The 1970 Watkins Glen 6 Hours was an endurance race held at the Watkins Glen Grand Prix Race Course, New York, United States on July 11, 1970. It was the ninth round of the 1970 World Sportscar Championship season.

Pre-race
John Wyer's team had not won a race since Spa and they came off a disastrous attempt at winning Le Mans; losing all three of their cars in 10 hours and the race to their sister team, Porsche Salzburg. Mario Andretti returned to Ferrari to try to help the great marque repeat their triumph at Sebring less than 4 months previously. Ferrari were keen on doing this; a win here would be sufficient comeuppance for them after their humiliating Le Mans run; all four works cars had retired after 4 hours and 4 of 6 other privately entered 512's also retired.

This particular race was one of 4 timed races on the calendar; the others being at Daytona, Sebring, and Le Mans. It was the only 6 hour race on the calendar in 1970.

Qualifying once again went to a Porsche; the Jo Siffert/Brian Redman 917K managed to edge out the Andretti/Giunti Ferrari 512S and the Rodriguez/Kinnunen 917K by three tenths of a second.

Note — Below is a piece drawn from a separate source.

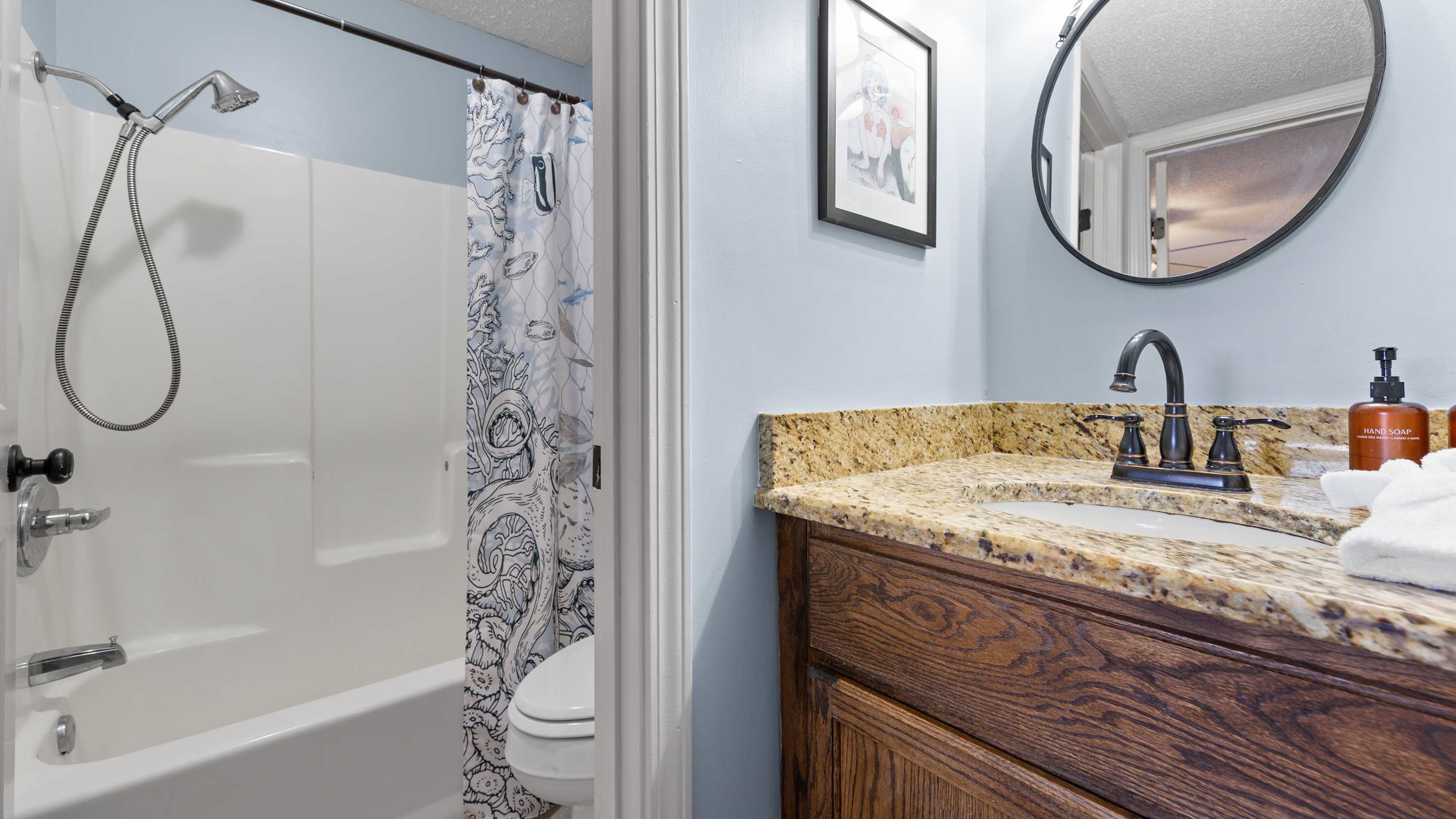 Your full bathroom has a vanity, a shower/tub combo, and a few toiletry essentials to help keep everyone fresh, clean, and sand-free during your vacation.

This would be the last Watkins Glen 6 Hours race on the original circuit. The circuit was rebuilt for the next year; they used the short track (as the extension had not yet been finished) and the whole track in 1972.

Race
At the start, Andretti took the lead from Siffert, but the Swiss driver took the lead back from Andretti on the third lap. He then lost the lead to Rodriguez. Later on in the race, Rodriguez attempted to switch off the 917K's headlights; but instead he switched off the fuel pumps, and the engine started to fail. Rodriguez was about to come into the pits, but then he realized what he had done, switched the pumps on, and then stormed through the field, made fastest lap and he & Kinnunen went on to win for the 4th time in the season. Wyer's team finished 1-2, and both cars finished on the same lap, with the works Ferrari of Andretti/Giunti completing the podium.

Official results

Did Not Finish

Statistics
Pole position: #1 John Wyer Automotive Engineering Porsche 917K (Jo Siffert/Brian Redman) - 1:06.3 (127.581 mph/205.322 km/h)
Fastest lap: #2 John Wyer Automotive Engineering Porsche 917K (Pedro Rodriguez)- 1:04.9 (124.833 mph/200.898 km/h)
Time taken for winning car to cover scheduled distance: 6 hours and 47.7 seconds
Average Speed: 189.592 km/h (117.807 mph)
Weather conditions: Sunny

References

Watkins Glen
Watkins Glen
Motorsport competitions in New York (state)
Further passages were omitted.